_Work item_. Once the line containing "Nhiều người di" is found in the material below, it and every line after it should be transcribed exactly, with pictures left out and nothing added.

##########

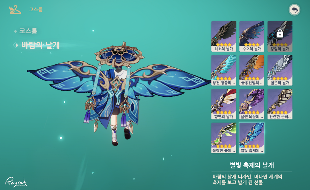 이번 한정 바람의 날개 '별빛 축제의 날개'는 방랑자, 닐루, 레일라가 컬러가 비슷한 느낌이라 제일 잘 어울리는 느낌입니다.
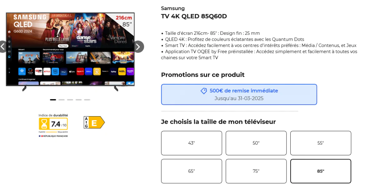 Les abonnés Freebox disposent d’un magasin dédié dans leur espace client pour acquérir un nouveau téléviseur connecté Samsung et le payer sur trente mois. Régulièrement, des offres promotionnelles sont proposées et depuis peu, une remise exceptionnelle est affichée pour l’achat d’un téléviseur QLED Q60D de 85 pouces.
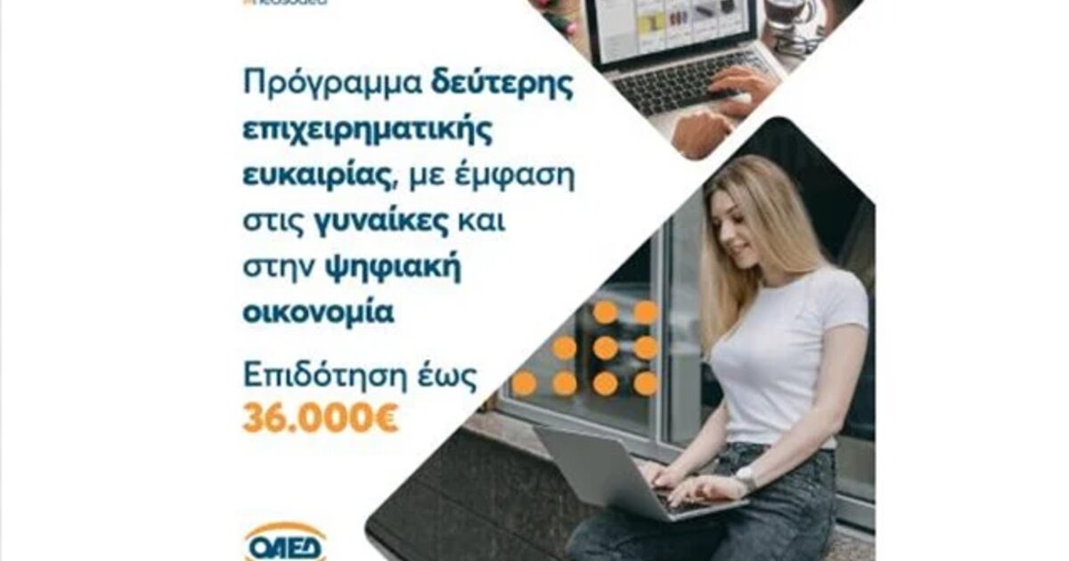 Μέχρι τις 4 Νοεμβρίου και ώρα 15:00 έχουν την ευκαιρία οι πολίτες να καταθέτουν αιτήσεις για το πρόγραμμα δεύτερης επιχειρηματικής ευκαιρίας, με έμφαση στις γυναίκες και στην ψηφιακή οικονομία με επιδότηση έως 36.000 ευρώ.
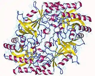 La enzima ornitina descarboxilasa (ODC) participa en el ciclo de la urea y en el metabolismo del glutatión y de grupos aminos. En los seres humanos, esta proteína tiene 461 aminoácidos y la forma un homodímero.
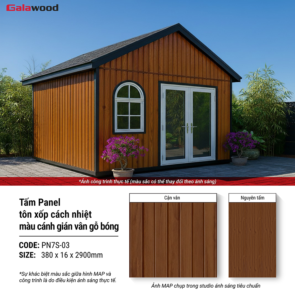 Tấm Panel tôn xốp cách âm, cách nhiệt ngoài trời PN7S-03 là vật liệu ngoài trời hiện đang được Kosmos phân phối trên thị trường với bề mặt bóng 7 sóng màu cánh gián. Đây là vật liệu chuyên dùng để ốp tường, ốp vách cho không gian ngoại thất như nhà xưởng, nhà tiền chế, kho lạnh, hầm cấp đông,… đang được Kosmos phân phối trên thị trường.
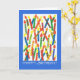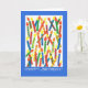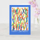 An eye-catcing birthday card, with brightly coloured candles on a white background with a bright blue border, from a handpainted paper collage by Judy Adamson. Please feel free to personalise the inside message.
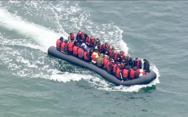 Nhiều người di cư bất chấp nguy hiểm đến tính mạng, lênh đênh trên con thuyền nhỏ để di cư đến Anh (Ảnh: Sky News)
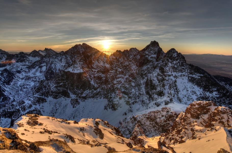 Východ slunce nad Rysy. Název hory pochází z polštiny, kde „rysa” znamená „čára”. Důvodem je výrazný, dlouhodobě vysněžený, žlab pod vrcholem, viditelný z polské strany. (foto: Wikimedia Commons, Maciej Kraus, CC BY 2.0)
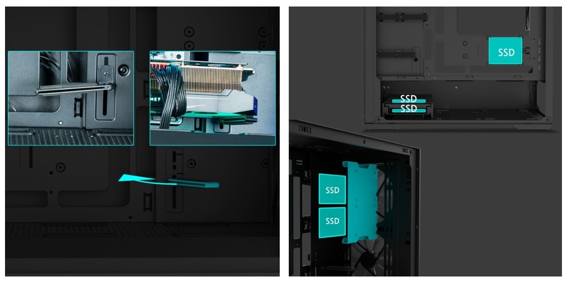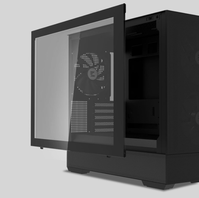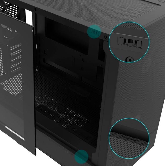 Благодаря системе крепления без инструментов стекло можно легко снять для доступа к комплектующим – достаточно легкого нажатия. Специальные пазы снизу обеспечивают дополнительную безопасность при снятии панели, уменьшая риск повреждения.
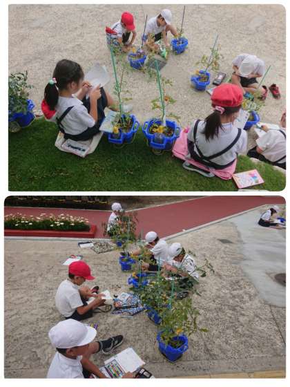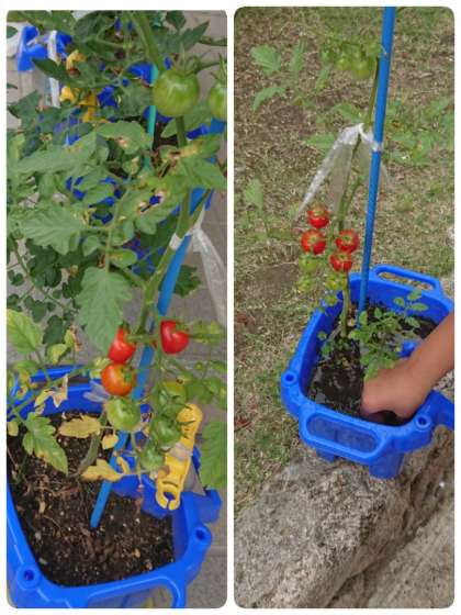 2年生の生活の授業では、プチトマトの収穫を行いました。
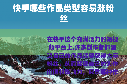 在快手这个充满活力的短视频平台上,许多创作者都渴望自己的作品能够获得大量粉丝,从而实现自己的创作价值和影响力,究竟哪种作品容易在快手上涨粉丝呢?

##########

_Written answer_.
 Nhiều người di cư bất chấp nguy hiểm đến tính mạng, lênh đênh trên con thuyền nhỏ để di cư đến Anh (Ảnh: Sky News)
 Východ slunce nad Rysy. Název hory pochází z polštiny, kde „rysa” znamená „čára”. Důvodem je výrazný, dlouhodobě vysněžený, žlab pod vrcholem, viditelný z polské strany. (foto: Wikimedia Commons, Maciej Kraus, CC BY 2.0)
 Благодаря системе крепления без инструментов стекло можно легко снять для доступа к комплектующим – достаточно легкого нажатия. Специальные пазы снизу обеспечивают дополнительную безопасность при снятии панели, уменьшая риск повреждения.
 2年生の生活の授業では、プチトマトの収穫を行いました。
 在快手这个充满活力的短视频平台上,许多创作者都渴望自己的作品能够获得大量粉丝,从而实现自己的创作价值和影响力,究竟哪种作品容易在快手上涨粉丝呢?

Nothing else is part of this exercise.